#### What you are asked to do
Using the records below, output the stretch that opens with the line containing "中控平台搭载了整个示范平台的" and closes with the line containing "뉴스펀치 탁상훈 기자", exactly and including both lines, with nothing more.

#### Provided records
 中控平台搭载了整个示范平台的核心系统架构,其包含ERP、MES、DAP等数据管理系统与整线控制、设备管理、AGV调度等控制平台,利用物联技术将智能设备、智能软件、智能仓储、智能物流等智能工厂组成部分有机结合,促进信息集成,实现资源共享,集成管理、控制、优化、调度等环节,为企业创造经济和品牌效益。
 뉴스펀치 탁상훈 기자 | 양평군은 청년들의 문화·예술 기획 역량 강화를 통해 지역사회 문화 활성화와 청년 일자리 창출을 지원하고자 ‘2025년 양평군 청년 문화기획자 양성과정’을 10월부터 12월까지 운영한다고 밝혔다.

* * *

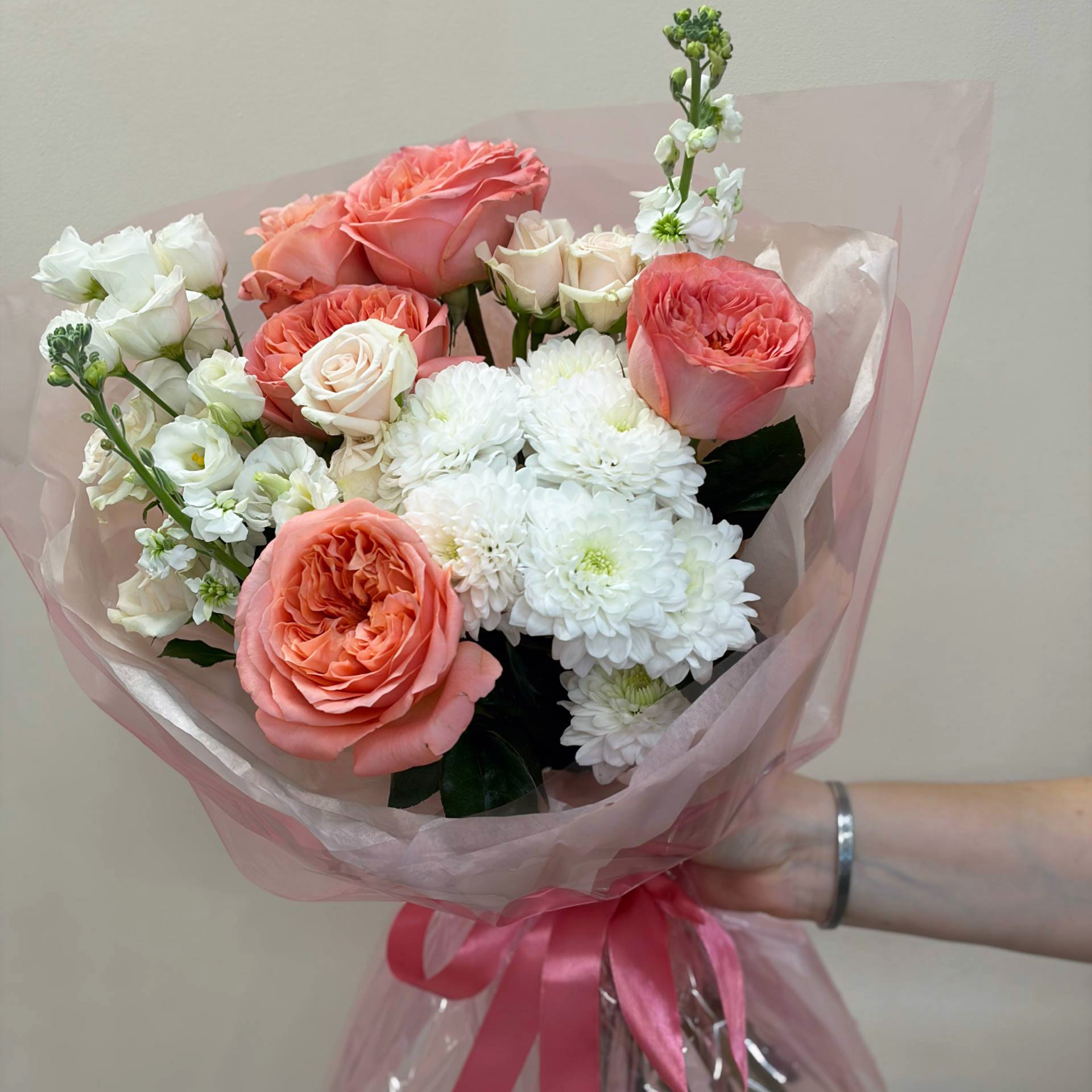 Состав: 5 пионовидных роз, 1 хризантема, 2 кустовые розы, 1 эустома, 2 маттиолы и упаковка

==

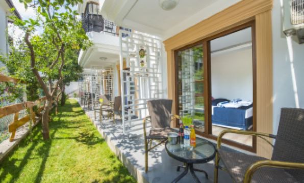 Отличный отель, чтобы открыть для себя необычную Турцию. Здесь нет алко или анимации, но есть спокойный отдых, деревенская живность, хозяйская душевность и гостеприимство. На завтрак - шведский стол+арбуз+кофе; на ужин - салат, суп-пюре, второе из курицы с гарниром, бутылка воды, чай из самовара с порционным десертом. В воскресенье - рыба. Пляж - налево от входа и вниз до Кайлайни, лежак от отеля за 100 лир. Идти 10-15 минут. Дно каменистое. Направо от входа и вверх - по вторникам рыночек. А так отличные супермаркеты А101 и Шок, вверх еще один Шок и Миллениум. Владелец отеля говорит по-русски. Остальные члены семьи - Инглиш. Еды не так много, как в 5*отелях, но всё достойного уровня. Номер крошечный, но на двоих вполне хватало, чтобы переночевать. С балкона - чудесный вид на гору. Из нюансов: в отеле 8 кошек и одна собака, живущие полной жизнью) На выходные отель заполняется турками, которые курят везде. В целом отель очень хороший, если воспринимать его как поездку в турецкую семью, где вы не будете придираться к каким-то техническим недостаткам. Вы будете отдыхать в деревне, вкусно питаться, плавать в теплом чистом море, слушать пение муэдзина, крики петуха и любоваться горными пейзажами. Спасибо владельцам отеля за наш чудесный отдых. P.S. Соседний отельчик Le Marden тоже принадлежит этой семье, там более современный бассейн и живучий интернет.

#### Response for this exercise
 中控平台搭载了整个示范平台的核心系统架构,其包含ERP、MES、DAP等数据管理系统与整线控制、设备管理、AGV调度等控制平台,利用物联技术将智能设备、智能软件、智能仓储、智能物流等智能工厂组成部分有机结合,促进信息集成,实现资源共享,集成管理、控制、优化、调度等环节,为企业创造经济和品牌效益。
 뉴스펀치 탁상훈 기자 | 양평군은 청년들의 문화·예술 기획 역량 강화를 통해 지역사회 문화 활성화와 청년 일자리 창출을 지원하고자 ‘2025년 양평군 청년 문화기획자 양성과정’을 10월부터 12월까지 운영한다고 밝혔다.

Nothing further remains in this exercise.